Work instructions
A verbatim restatement of the data, free of pictures, is what you should output.

Given information
____

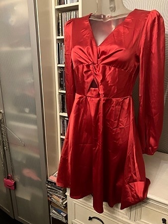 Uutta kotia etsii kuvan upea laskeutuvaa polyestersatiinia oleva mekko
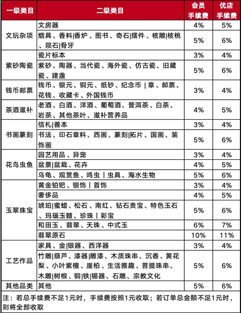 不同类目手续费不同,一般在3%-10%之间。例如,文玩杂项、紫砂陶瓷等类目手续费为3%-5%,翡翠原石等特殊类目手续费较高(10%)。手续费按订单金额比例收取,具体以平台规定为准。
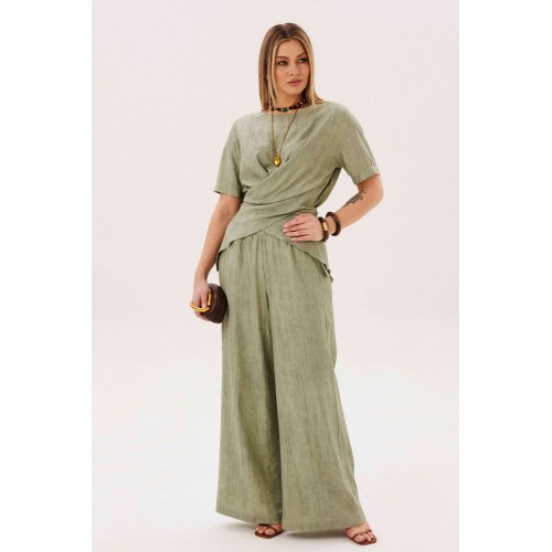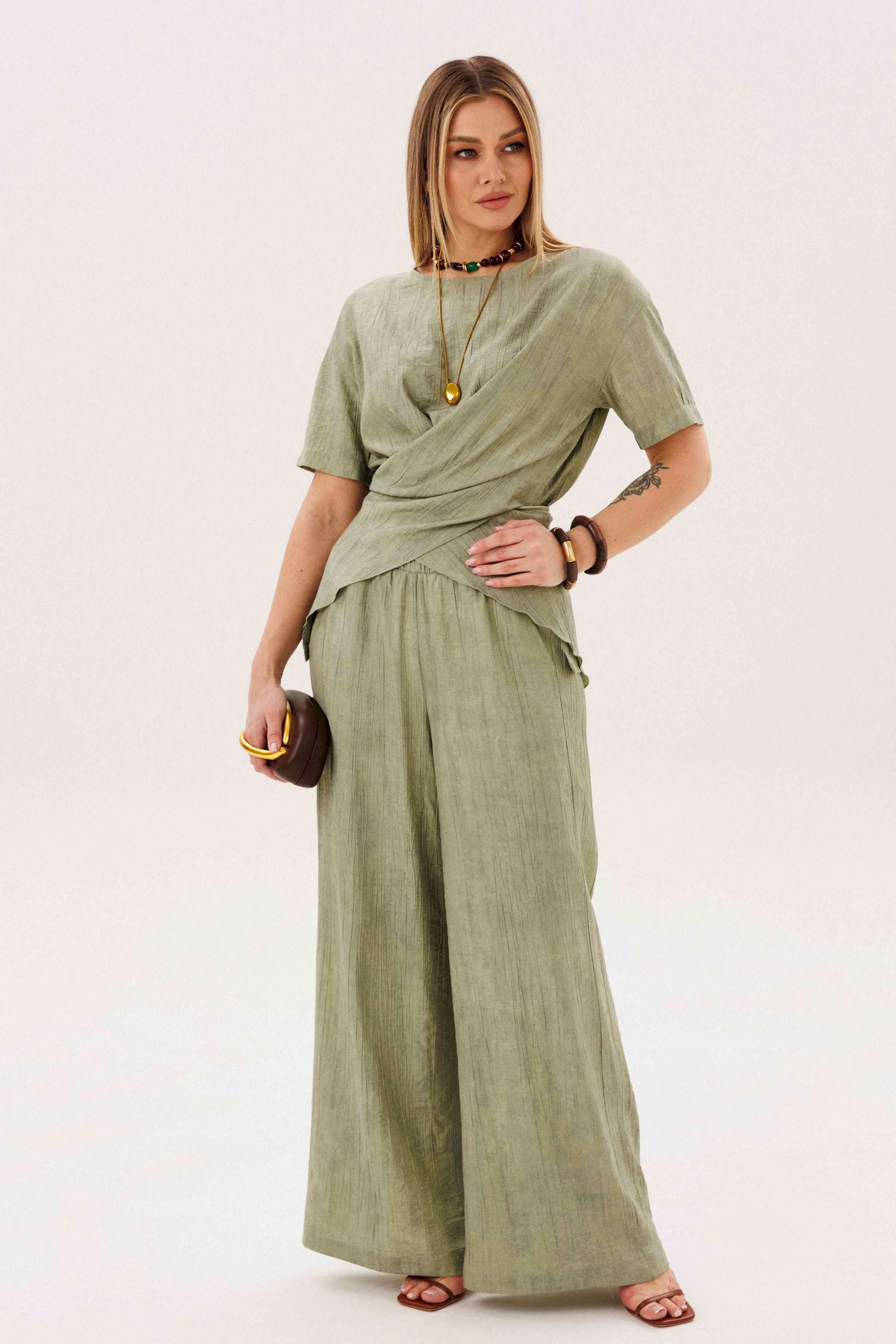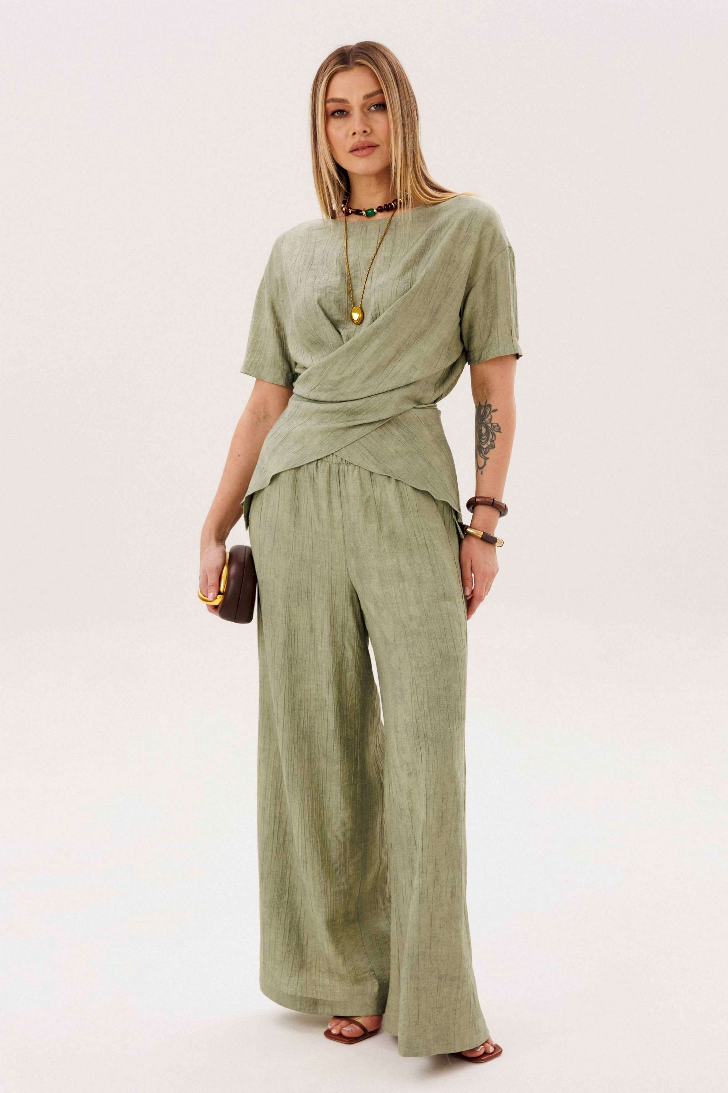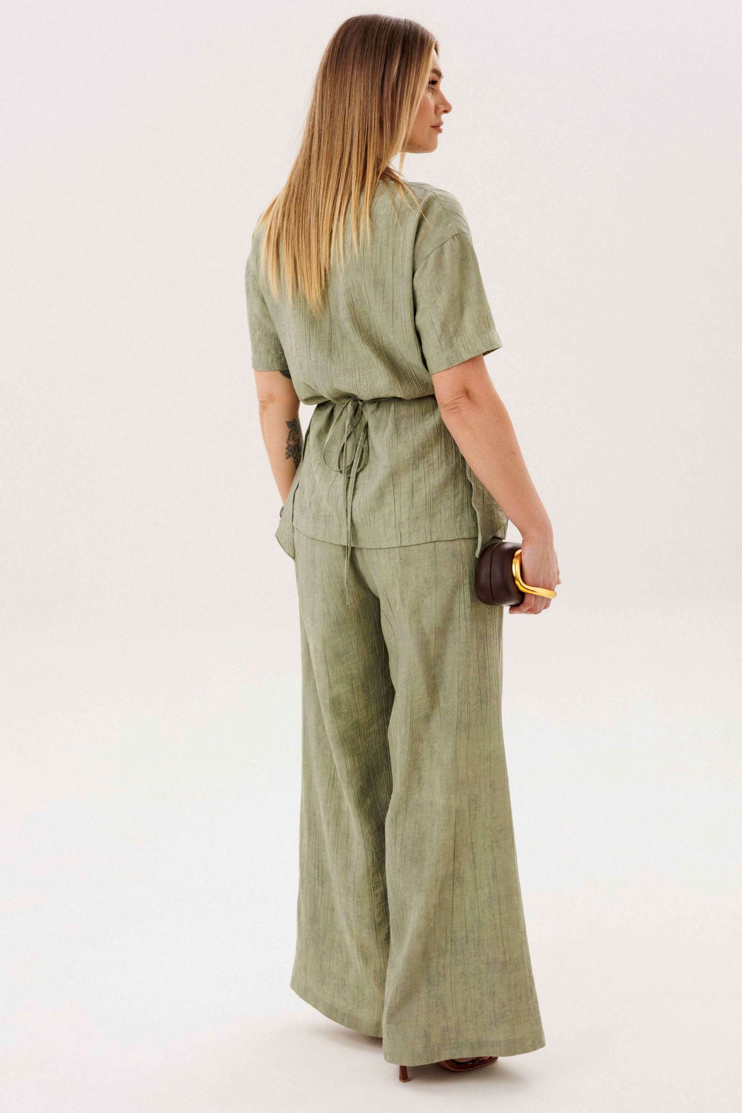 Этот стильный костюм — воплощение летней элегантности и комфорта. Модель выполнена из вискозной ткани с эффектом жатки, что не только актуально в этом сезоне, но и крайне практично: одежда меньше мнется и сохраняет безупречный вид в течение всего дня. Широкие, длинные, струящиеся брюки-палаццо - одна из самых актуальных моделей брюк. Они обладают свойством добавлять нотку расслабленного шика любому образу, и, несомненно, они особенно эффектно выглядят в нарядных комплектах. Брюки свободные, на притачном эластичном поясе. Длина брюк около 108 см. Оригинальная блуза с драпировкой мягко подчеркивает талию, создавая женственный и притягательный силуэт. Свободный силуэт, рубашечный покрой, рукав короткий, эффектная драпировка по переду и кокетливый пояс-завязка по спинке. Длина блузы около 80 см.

____

Answer area
 Uutta kotia etsii kuvan upea laskeutuvaa polyestersatiinia oleva mekko
 不同类目手续费不同,一般在3%-10%之间。例如,文玩杂项、紫砂陶瓷等类目手续费为3%-5%,翡翠原石等特殊类目手续费较高(10%)。手续费按订单金额比例收取,具体以平台规定为准。
 Этот стильный костюм — воплощение летней элегантности и комфорта. Модель выполнена из вискозной ткани с эффектом жатки, что не только актуально в этом сезоне, но и крайне практично: одежда меньше мнется и сохраняет безупречный вид в течение всего дня. Широкие, длинные, струящиеся брюки-палаццо - одна из самых актуальных моделей брюк. Они обладают свойством добавлять нотку расслабленного шика любому образу, и, несомненно, они особенно эффектно выглядят в нарядных комплектах. Брюки свободные, на притачном эластичном поясе. Длина брюк около 108 см. Оригинальная блуза с драпировкой мягко подчеркивает талию, создавая женственный и притягательный силуэт. Свободный силуэт, рубашечный покрой, рукав короткий, эффектная драпировка по переду и кокетливый пояс-завязка по спинке. Длина блузы около 80 см.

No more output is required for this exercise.